▶ [Instructions for the task]: Your task is to print, exactly and only, the lines from the start of the entries below through the line with "Метки: 15 роз, от". Include both ends, but skip the pictures.

[Extracted records]
——

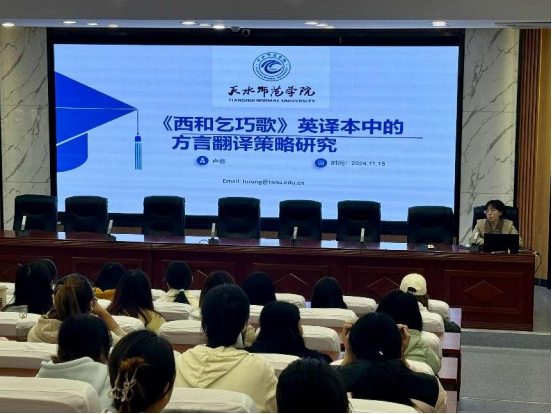 2024 年 11 月 15 日下午3:00,伟德国际victor1946邀请卢蓉博士为全院师生做题为“《西和乞巧歌》英译本方言翻译策略探索”的学术讲座。公司部分教师、在读研究生以及英语、商务英语专业本科生170多人聆听了讲座。
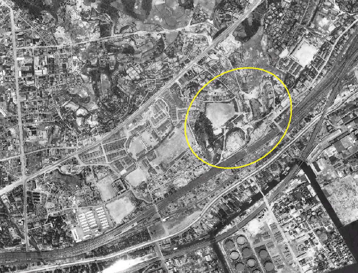 やはり写真は、色が付いている方が学園全体を理解し易い。戦時中も艦砲射撃や空襲にも遭わなかったようだ。学園の中央付近にあるブルーシートのところは、首都高環状2号線の工事中の箇所で、トンネルの坑口になるのだ。破線が首都高の分岐線が延びて来るところだ。
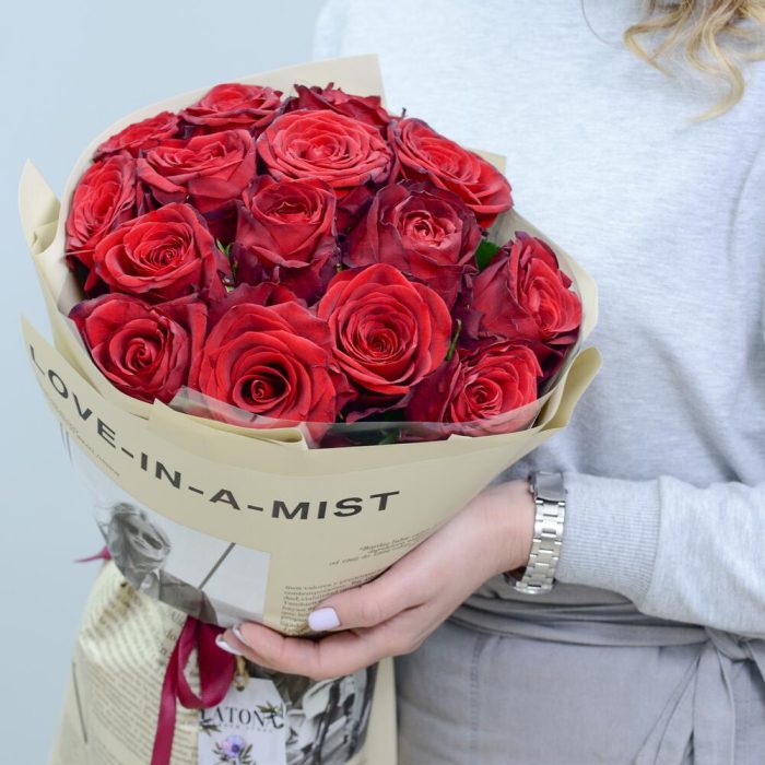 Метки: 15 роз, от 2000 до 3000 руб, Роза 70 см
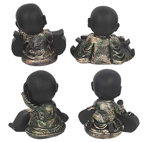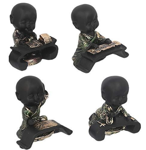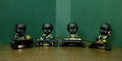 JaipurCrafts Set of 4 Cute Musical Group Child Monk Showpiece - 7.62 cm (Polyresin, Black, Gold)- for Home Decor| Office Decor| Valentines Day Gifts | Diwali Decor| Vaastu Decor| Fengshui
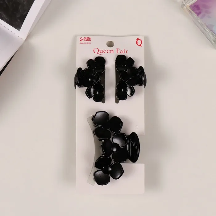 Крабик для волос «Флориана», набор 3 шт., цветы, 6.5 и 4 см, чёрный — Характеристики
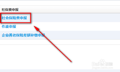 6、再次点击【确定】后,进入到社保申报界面,点击【社保保险费申报】;
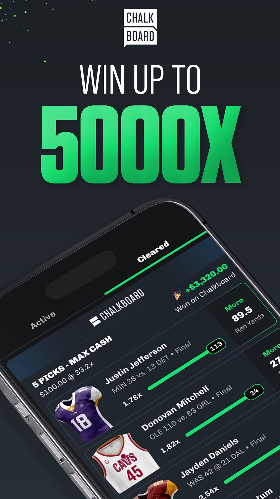 Favori oyuncularınızın tahmini istatistik çizgilerinden daha fazlasını veya daha azını seçerek paranızın 5.000 katına kadar kazanın! NFL, NBA, MLB, NHL, Üniversite Sporları, Futbol ve yakında daha fazla spor dalı.
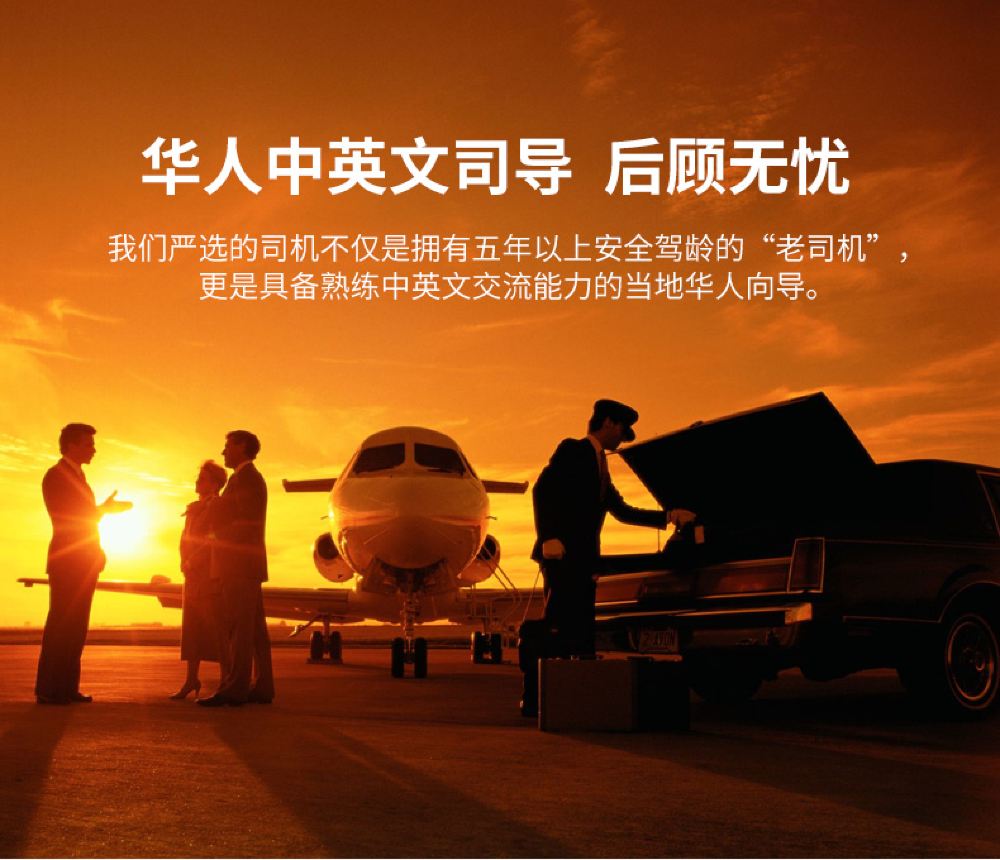 2)司机兼向导:一名华人司机兼向导服务/车(小费,餐补,车上基础介绍/推荐);
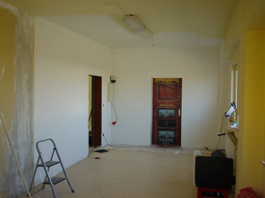 Ich habe Tapeziergrund gestrichen über die frischen Zementstellen, weil das recht stark saugt und die Tapete dort nicht gescheit hält, außerdem habe ich einen weiteren Teil des Abhörraums gestrichen. In weiß schaut das Ganze schon etwas freundlicher aus. Außerdem habe ich den Ölfleck mit Isoliergrund überstrichen, in der Hoffnung, daß das besser hält. Fiese Lösungsmittel auf jeden Fall: verursacht Schläfrigkeit.
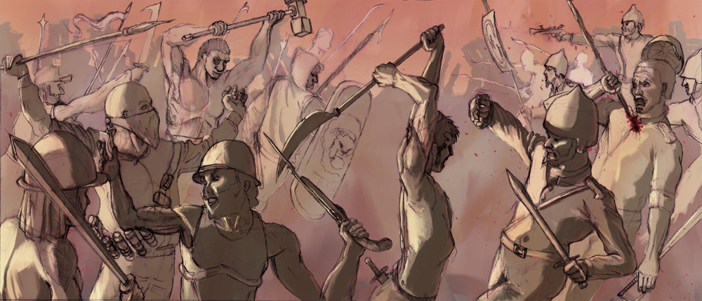 The battle of Jericho, re-imagined as a dystopian sci-fi alternate reality battle. From 2006 using Photoshop.
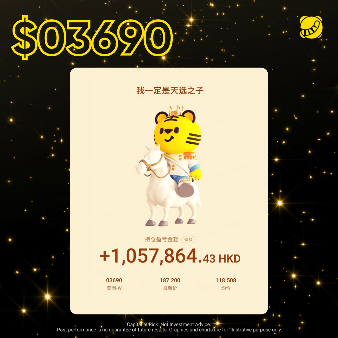 恭喜虎友 @LogicalWing ,通过精准操作美团股票,轻松斩获105万港币的收益!

——

▶ [Solution]:
 2024 年 11 月 15 日下午3:00,伟德国际victor1946邀请卢蓉博士为全院师生做题为“《西和乞巧歌》英译本方言翻译策略探索”的学术讲座。公司部分教师、在读研究生以及英语、商务英语专业本科生170多人聆听了讲座。
 やはり写真は、色が付いている方が学園全体を理解し易い。戦時中も艦砲射撃や空襲にも遭わなかったようだ。学園の中央付近にあるブルーシートのところは、首都高環状2号線の工事中の箇所で、トンネルの坑口になるのだ。破線が首都高の分岐線が延びて来るところだ。
 Метки: 15 роз, от 2000 до 3000 руб, Роза 70 см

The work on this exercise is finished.